Task requirements
Copy out the listing that follows, exactly, without its pictures.

Dataset content

-=-=-=-=-

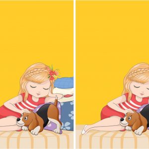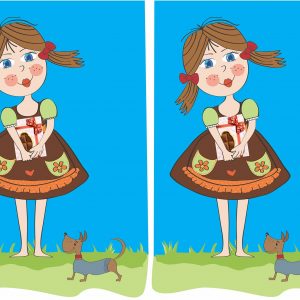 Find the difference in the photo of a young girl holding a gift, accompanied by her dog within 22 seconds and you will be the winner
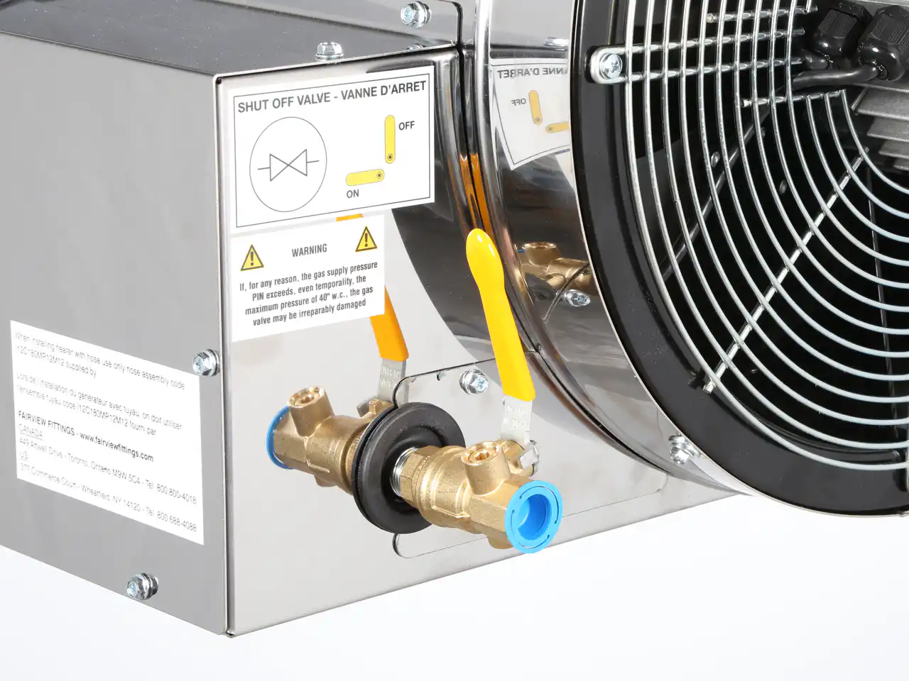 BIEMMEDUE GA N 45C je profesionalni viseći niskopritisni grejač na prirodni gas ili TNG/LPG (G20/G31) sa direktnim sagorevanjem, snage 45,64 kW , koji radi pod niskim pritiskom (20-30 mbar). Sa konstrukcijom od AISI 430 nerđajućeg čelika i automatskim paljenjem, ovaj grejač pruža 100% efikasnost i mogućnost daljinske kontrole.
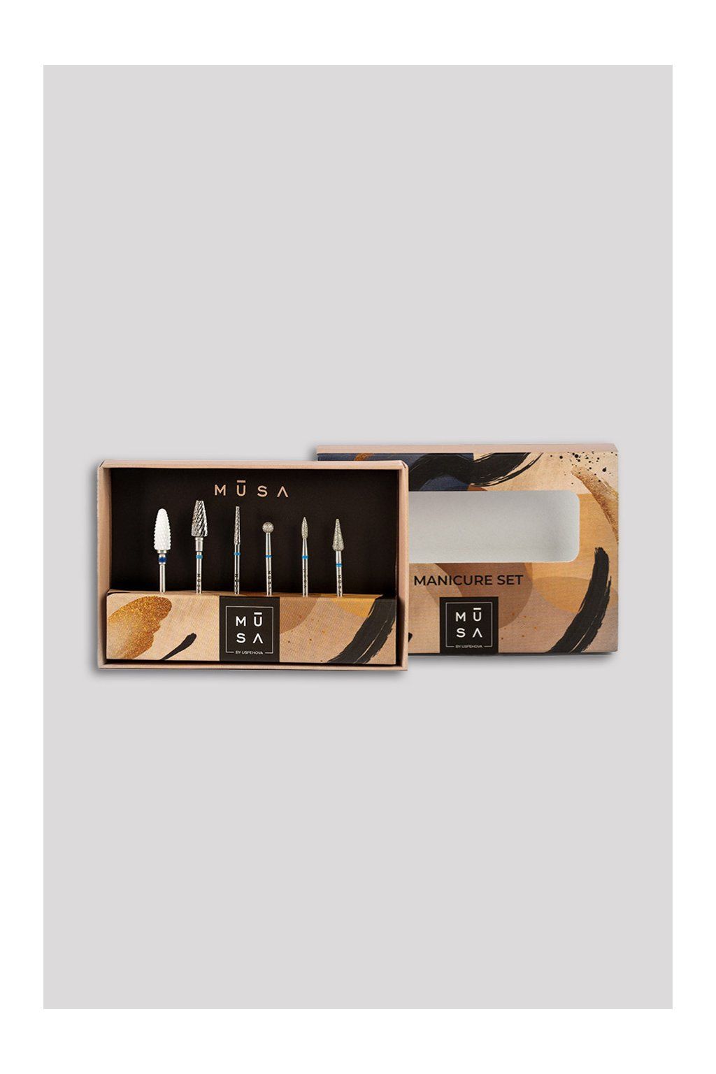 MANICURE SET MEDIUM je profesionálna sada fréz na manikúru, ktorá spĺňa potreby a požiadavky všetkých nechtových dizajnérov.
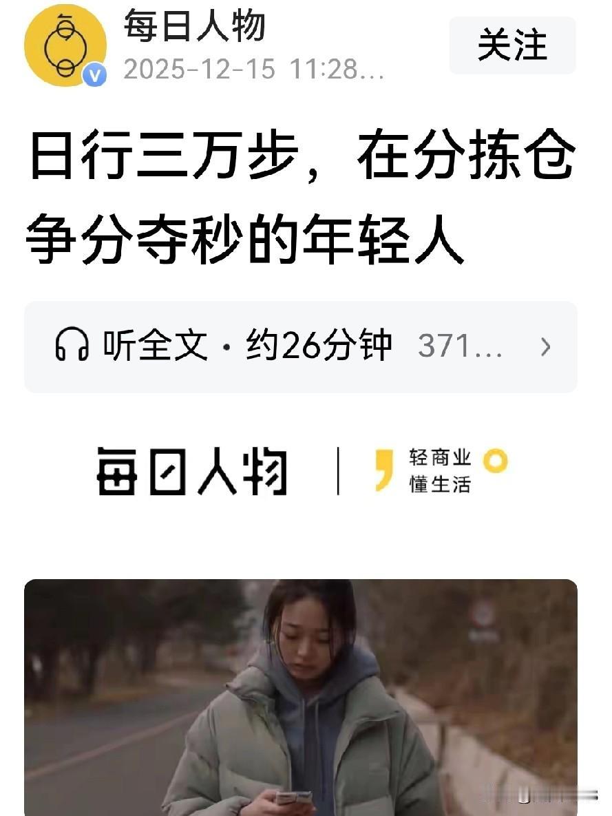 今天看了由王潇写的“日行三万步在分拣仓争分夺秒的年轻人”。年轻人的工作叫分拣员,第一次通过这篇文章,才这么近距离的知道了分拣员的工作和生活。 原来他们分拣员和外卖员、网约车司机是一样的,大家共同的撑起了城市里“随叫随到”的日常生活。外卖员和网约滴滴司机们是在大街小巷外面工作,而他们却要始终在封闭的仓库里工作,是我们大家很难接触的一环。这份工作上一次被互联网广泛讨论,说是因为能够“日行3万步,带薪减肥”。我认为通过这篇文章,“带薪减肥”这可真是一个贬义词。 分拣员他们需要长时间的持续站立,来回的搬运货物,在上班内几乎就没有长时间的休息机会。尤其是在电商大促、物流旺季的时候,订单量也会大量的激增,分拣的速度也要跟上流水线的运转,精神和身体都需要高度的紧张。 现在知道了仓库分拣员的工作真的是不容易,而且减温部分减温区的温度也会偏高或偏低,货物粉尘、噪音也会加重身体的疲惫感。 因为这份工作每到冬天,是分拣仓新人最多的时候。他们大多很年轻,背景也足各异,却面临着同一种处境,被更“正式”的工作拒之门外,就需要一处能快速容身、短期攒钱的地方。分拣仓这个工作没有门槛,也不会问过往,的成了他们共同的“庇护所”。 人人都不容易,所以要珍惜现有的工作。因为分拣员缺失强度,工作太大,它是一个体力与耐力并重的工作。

-=-=-=-=-

Exercise response
 Find the difference in the photo of a young girl holding a gift, accompanied by her dog within 22 seconds and you will be the winner
 BIEMMEDUE GA N 45C je profesionalni viseći niskopritisni grejač na prirodni gas ili TNG/LPG (G20/G31) sa direktnim sagorevanjem, snage 45,64 kW , koji radi pod niskim pritiskom (20-30 mbar). Sa konstrukcijom od AISI 430 nerđajućeg čelika i automatskim paljenjem, ovaj grejač pruža 100% efikasnost i mogućnost daljinske kontrole.
 MANICURE SET MEDIUM je profesionálna sada fréz na manikúru, ktorá spĺňa potreby a požiadavky všetkých nechtových dizajnérov.
 今天看了由王潇写的“日行三万步在分拣仓争分夺秒的年轻人”。年轻人的工作叫分拣员,第一次通过这篇文章,才这么近距离的知道了分拣员的工作和生活。 原来他们分拣员和外卖员、网约车司机是一样的,大家共同的撑起了城市里“随叫随到”的日常生活。外卖员和网约滴滴司机们是在大街小巷外面工作,而他们却要始终在封闭的仓库里工作,是我们大家很难接触的一环。这份工作上一次被互联网广泛讨论,说是因为能够“日行3万步,带薪减肥”。我认为通过这篇文章,“带薪减肥”这可真是一个贬义词。 分拣员他们需要长时间的持续站立,来回的搬运货物,在上班内几乎就没有长时间的休息机会。尤其是在电商大促、物流旺季的时候,订单量也会大量的激增,分拣的速度也要跟上流水线的运转,精神和身体都需要高度的紧张。 现在知道了仓库分拣员的工作真的是不容易,而且减温部分减温区的温度也会偏高或偏低,货物粉尘、噪音也会加重身体的疲惫感。 因为这份工作每到冬天,是分拣仓新人最多的时候。他们大多很年轻,背景也足各异,却面临着同一种处境,被更“正式”的工作拒之门外,就需要一处能快速容身、短期攒钱的地方。分拣仓这个工作没有门槛,也不会问过往,的成了他们共同的“庇护所”。 人人都不容易,所以要珍惜现有的工作。因为分拣员缺失强度,工作太大,它是一个体力与耐力并重的工作。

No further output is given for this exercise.